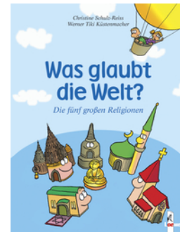
What Does The World Believe?
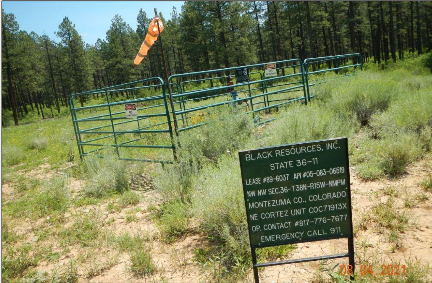
Photo 5. View of well sign, fencing, and well sock at the wellhead.
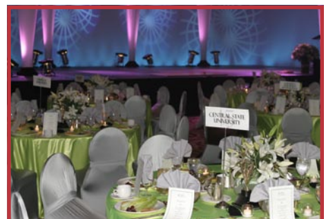
The banquet ballroom was resplendently decorated for the black tie affair.
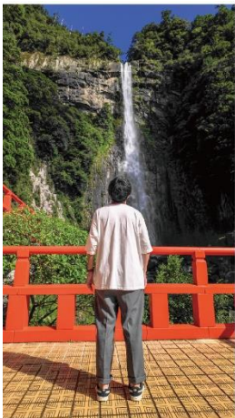
Nachikatsuura in Wakayama Prefecture

- _Problem to solve_: Pictures are to be omitted from the copy, and only the lines from the one containing "Photo 5. View" through the final line of the listing above are to be written out exactly.

- _Finished exercise_:
Photo 5. View of well sign, fencing, and well sock at the wellhead.
The banquet ballroom was resplendently decorated for the black tie affair.
Nachikatsuura in Wakayama Prefecture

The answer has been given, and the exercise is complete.